**Directions:**
Each record must come back unchanged in your answer, stripped of its images.
##### Input #####
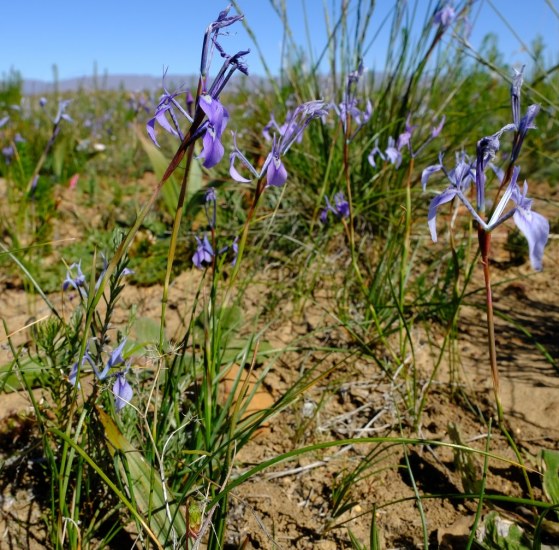 Moraea algoensis Goldblatt is found in the Cape on clay slopes in renosterveld where it blooms in late winter, early spring. Rarely less than 30 cm, it has one long leaf and small violet flowers with white to yellow nectar guides that stay open for several days. It resembles Moraea tripetala but is much smaller. The first photo by Mary Sue Ittner of a plant in cultivation and the second from Cameron McMaster of a plant photographed in the Eastern Cape. The last photo from the book Plants of the Klein Karoo courtesy of Jan and Anne Lise Schutte-Vlok.
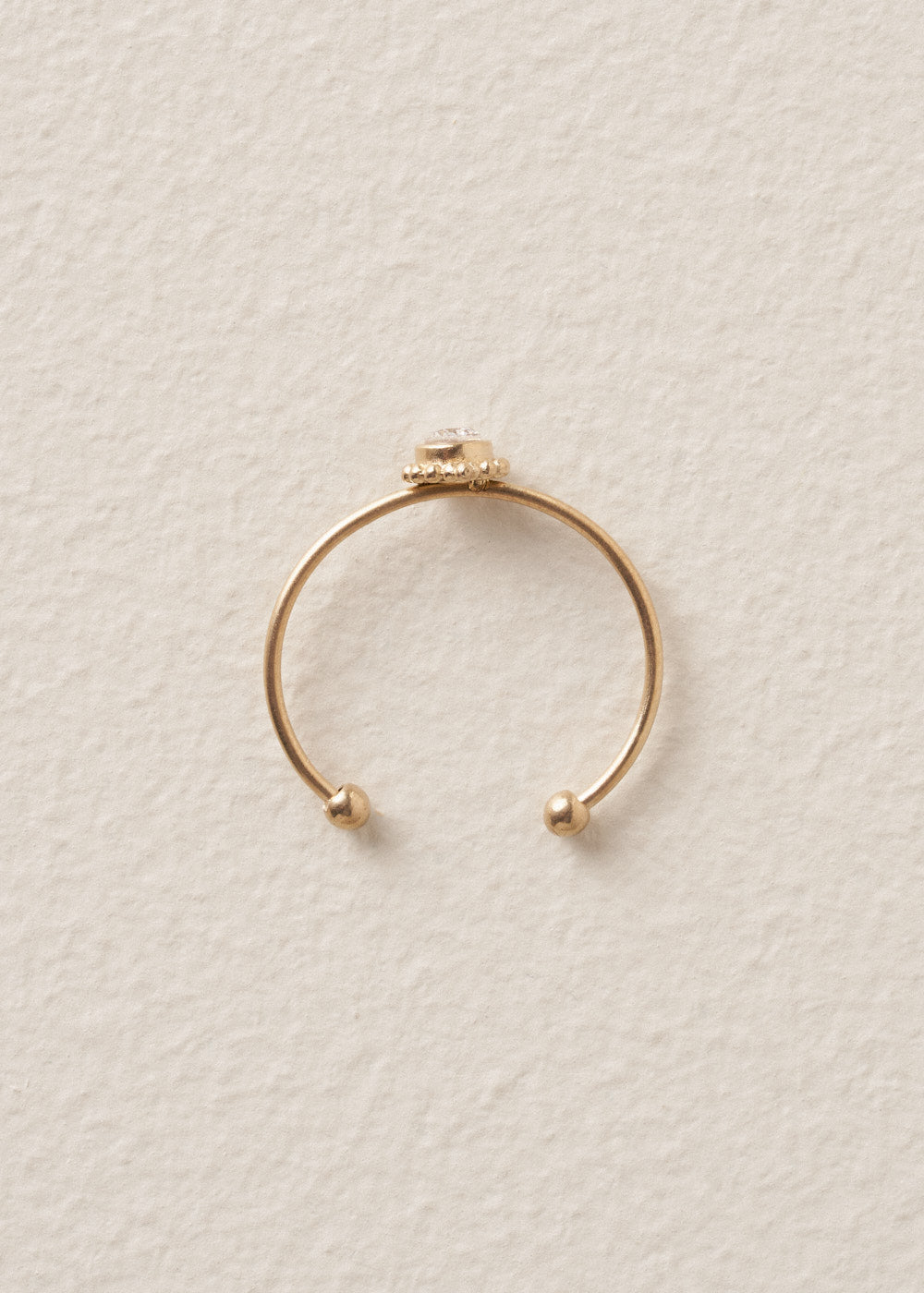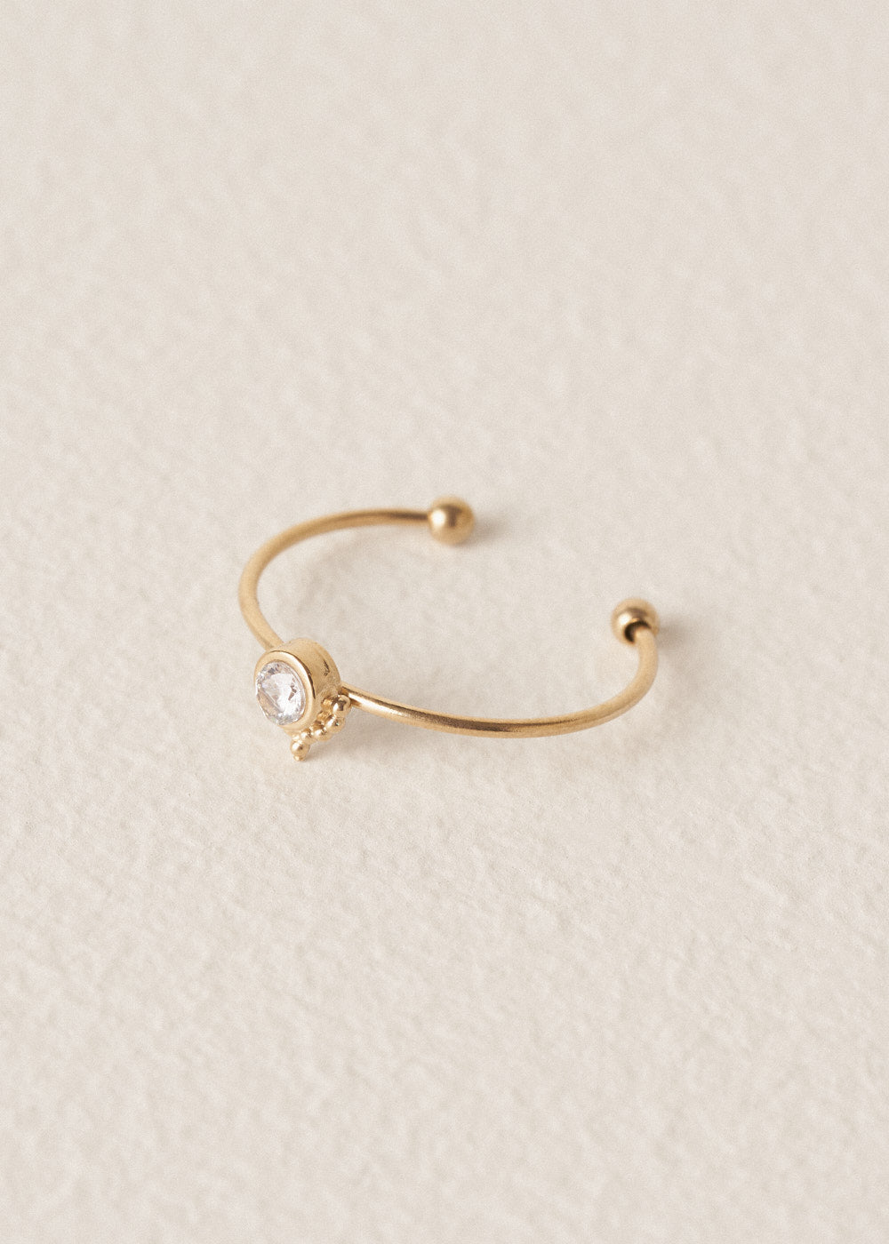 The Basil Ring features a slender gold band, a twinkling clear crystal at the centre, accented with delicate balled detailing. Subtle yet striking, it’s a refined finishing touch.
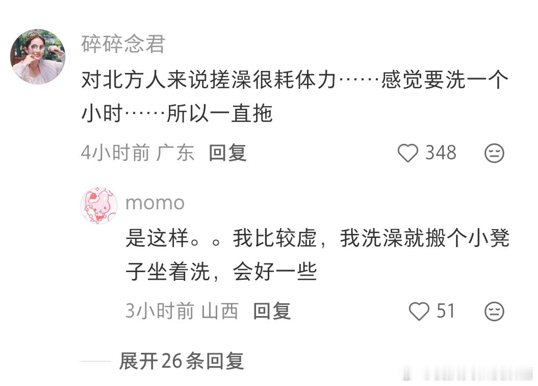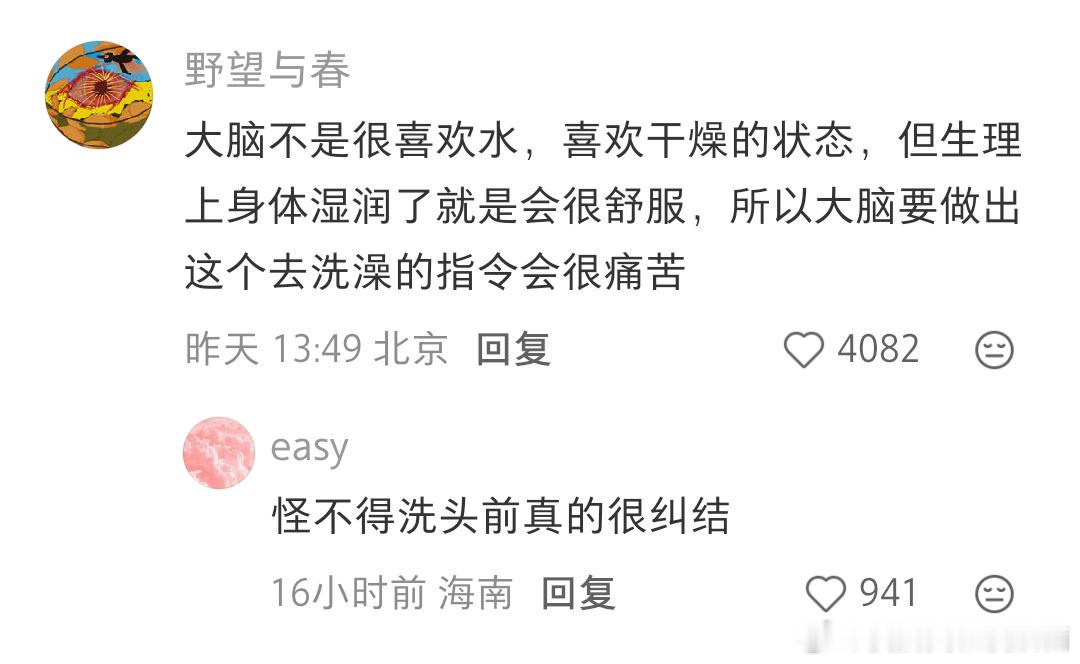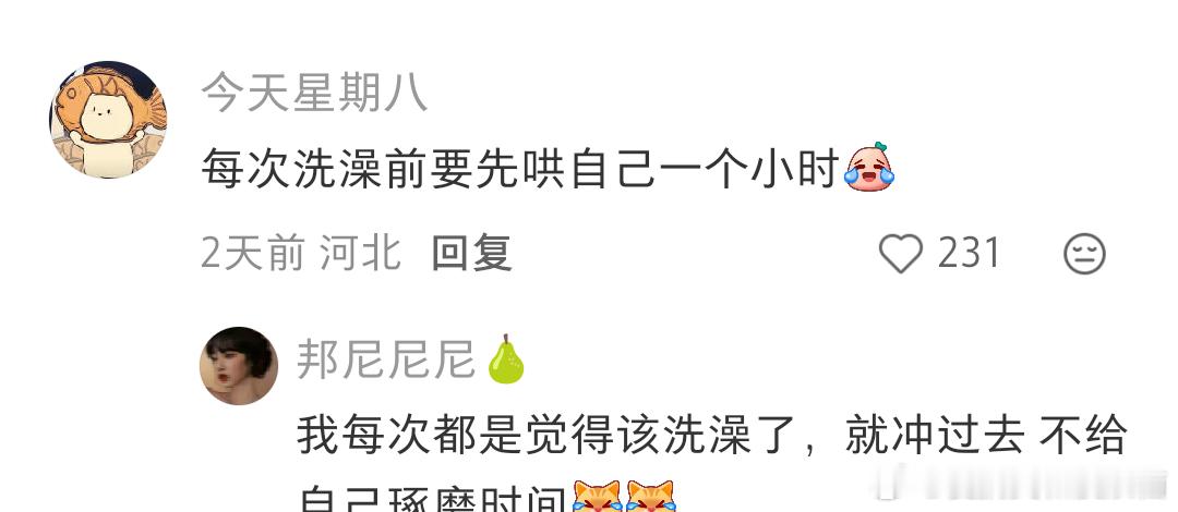 洗澡前是舒服的,洗澡时是舒服的,洗完澡是舒服的,但是去洗澡非常不舒服,有没有人懂
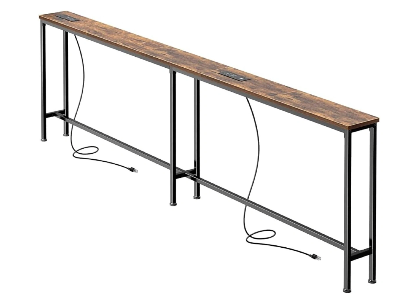 This long sofa table features a rustic wood top and a black metal frame. It includes built-in power outlets for convenient device charging. Its slim profile makes it ideal for behind a couch or in narrow spaces.
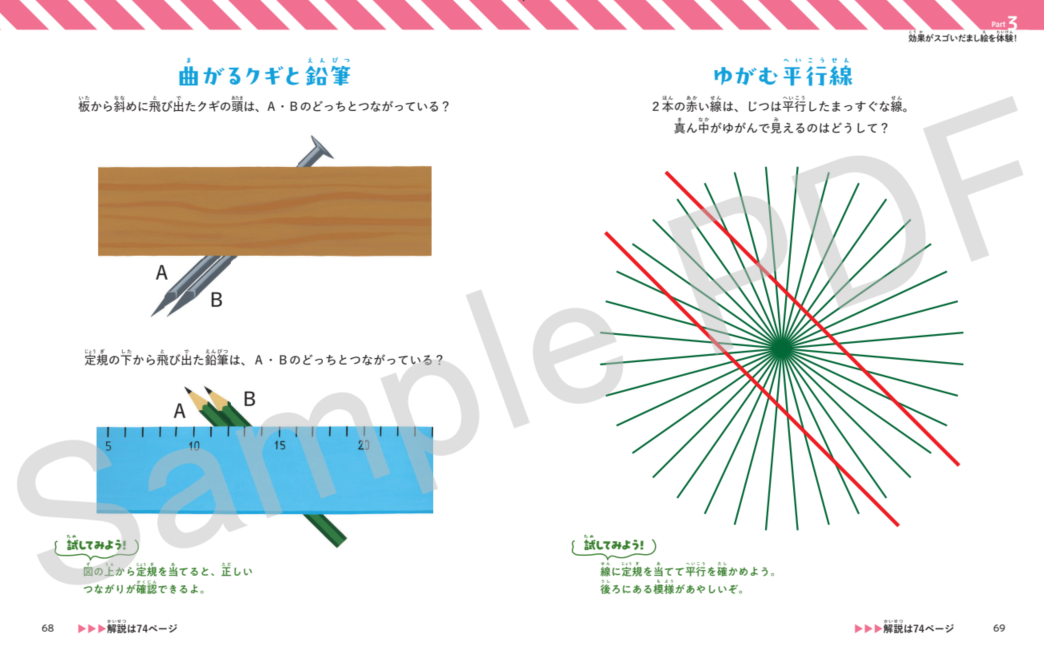책을 멀리서 보거나, 거꾸로 보거나, 자로 길이를 재어 보는 등 다양한 방법으로 착시 그림을 즐길 수 있습니다. 분명 놀랄 만한 경험이 많을 거예요.
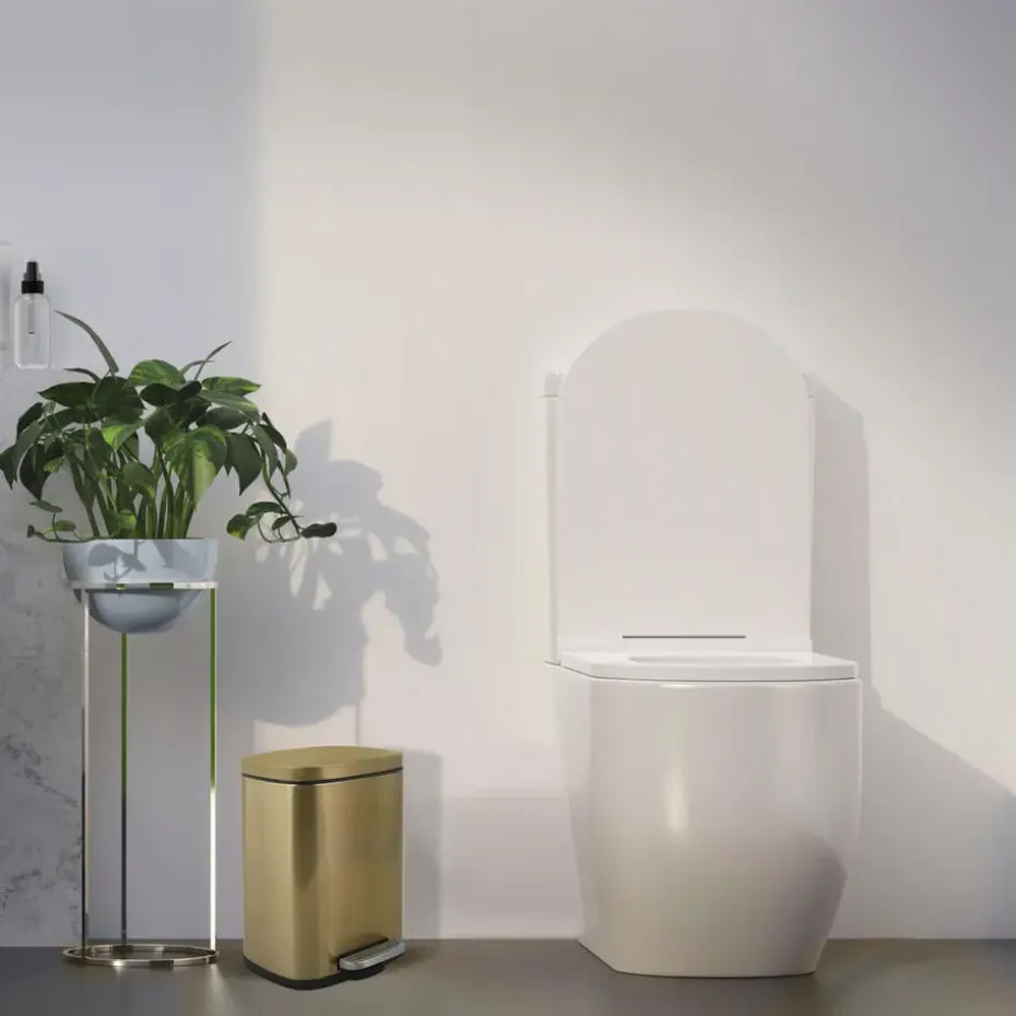 Pedaalemmer/prullenbak model Venice voor in de badkamer en/of toilet, klein model met inhoud 5 liter. Kleur: mat goud. Deze prullenbak is gemaakt van metaal en de deksel heeft een soft-close sluit systeem. Afmetingen zijn ongeveer L21 x H30 cm. Deze kleine pedaalemmers hebben een handige uitneembare binnenbak gemaakt van gerecycled plastic. Zeer goede kwaliteit materialen zijn gebruikt om deze kleine pedaalemmer een luxe uitstraling te geven.
#####
**Output:**
 Moraea algoensis Goldblatt is found in the Cape on clay slopes in renosterveld where it blooms in late winter, early spring. Rarely less than 30 cm, it has one long leaf and small violet flowers with white to yellow nectar guides that stay open for several days. It resembles Moraea tripetala but is much smaller. The first photo by Mary Sue Ittner of a plant in cultivation and the second from Cameron McMaster of a plant photographed in the Eastern Cape. The last photo from the book Plants of the Klein Karoo courtesy of Jan and Anne Lise Schutte-Vlok.
 The Basil Ring features a slender gold band, a twinkling clear crystal at the centre, accented with delicate balled detailing. Subtle yet striking, it’s a refined finishing touch.
 洗澡前是舒服的,洗澡时是舒服的,洗完澡是舒服的,但是去洗澡非常不舒服,有没有人懂
 This long sofa table features a rustic wood top and a black metal frame. It includes built-in power outlets for convenient device charging. Its slim profile makes it ideal for behind a couch or in narrow spaces.
책을 멀리서 보거나, 거꾸로 보거나, 자로 길이를 재어 보는 등 다양한 방법으로 착시 그림을 즐길 수 있습니다. 분명 놀랄 만한 경험이 많을 거예요.
 Pedaalemmer/prullenbak model Venice voor in de badkamer en/of toilet, klein model met inhoud 5 liter. Kleur: mat goud. Deze prullenbak is gemaakt van metaal en de deksel heeft een soft-close sluit systeem. Afmetingen zijn ongeveer L21 x H30 cm. Deze kleine pedaalemmers hebben een handige uitneembare binnenbak gemaakt van gerecycled plastic. Zeer goede kwaliteit materialen zijn gebruikt om deze kleine pedaalemmer een luxe uitstraling te geven.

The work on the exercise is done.